Strategisch würde ein Verkauf einen vollständigen Rückzug von BitMines Kerneidentität markieren. Das Unternehmen hat sich als ein „Ethereum-Superzyklus“-Spiel positioniert und plant sogar ein Made-in-America Validator-Netzwerk (MAVAN) für den gewerblichen Start im Jahr 2026. Das Liquidieren von ETH würde diesen Fahrplan vollständig aufgeben.

Nach dem Verkauf würde BitMine sich in ein überwiegend liquiditätsstarkes Unternehmen verwandeln: mehrere Milliarden Dollar an Liquidität, geringe Bitcoin-Exposition (etwa 193 BTC) und eine Handvoll nicht-krypto Investitionen, wie Beast Industries.

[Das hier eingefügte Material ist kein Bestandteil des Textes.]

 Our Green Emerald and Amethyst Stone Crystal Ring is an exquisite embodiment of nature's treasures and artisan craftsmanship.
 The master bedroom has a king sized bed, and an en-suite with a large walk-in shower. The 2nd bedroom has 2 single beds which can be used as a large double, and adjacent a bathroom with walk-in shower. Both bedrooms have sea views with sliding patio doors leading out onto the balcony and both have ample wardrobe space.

Die Volatilität würde sinken, aber auch das Aufwärtspotenzial. Jeder ETH-Rückgang, den Lee nach wie vor als langfristig unvermeidlich betrachtet, würde verpasst werden.

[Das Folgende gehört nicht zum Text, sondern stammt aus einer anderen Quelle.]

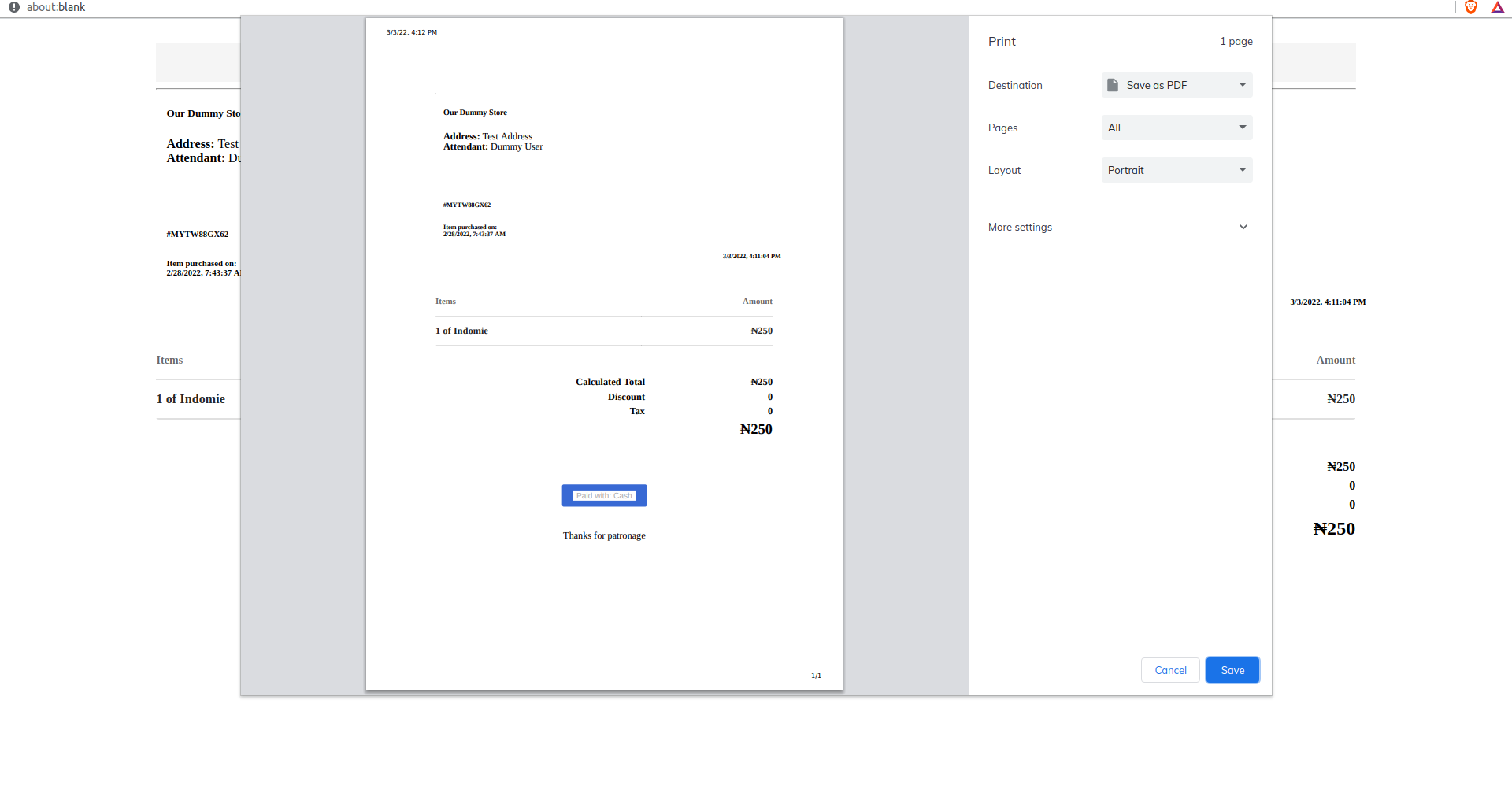 - Click on the Print box and immediately, a browser window opens, displaying a preview of the invoice to be printed. This preview page may slightly differ from browser to browser but for the most part, they contain the same thing.

Aktien, Steuern und Rufschaden

Für die Aktionäre könnten die Auswirkungen brutal sein. Die BMNR-Aktie ist bereits stark gefallen, zusammen mit ETH, und eine Kapitulation würde wahrscheinlich als Aufgabe interpretiert werden.

Ein weiterer Verkaufsdruck oder sogar Delistingsorgen könnten folgen, unabhängig von der schuldenfreien Bilanz des Unternehmens.

Es gibt auch die steuerliche Perspektive. Während die aktuellen Preise realisierte Verluste implizieren, könnten frühere Tranchen, die günstiger gekauft wurden, immer noch steuerpflichtige Gewinne auslösen, die die Erlöse schmälern. Aufsichtsbehörden könnten auch eine Liquidation dieser Größenordnung auf potenzielle Marktfolgen überprüfen.

Schließlich gibt es da noch Tom Lee selbst. Nur wenige Strategen waren öffentlich optimistischer bezüglich Ethereum. Ein Verkauf jetzt würde direkt seiner langjährigen These widersprechen und Fragen zu Überzeugung versus Risikomanagement aufwerfen.

Theoretisch würde der Verkauf das Bluten stoppen. In der Praxis würde es Verluste kristallisieren, ETHs Preis zum Einsturz bringen und BitMines gesamte Strategie zerschlagen. Deshalb könnte BitMine trotz des Lärms auf X (Twitter) weiterhin kaufen und staken, nicht verkaufen.

Daher bleibt, während der Ethereum-Preis, wie Bitcoin, an diesem Wochenende weiter abstürzt, die Fortsetzung der Liquidation die nukleare Option.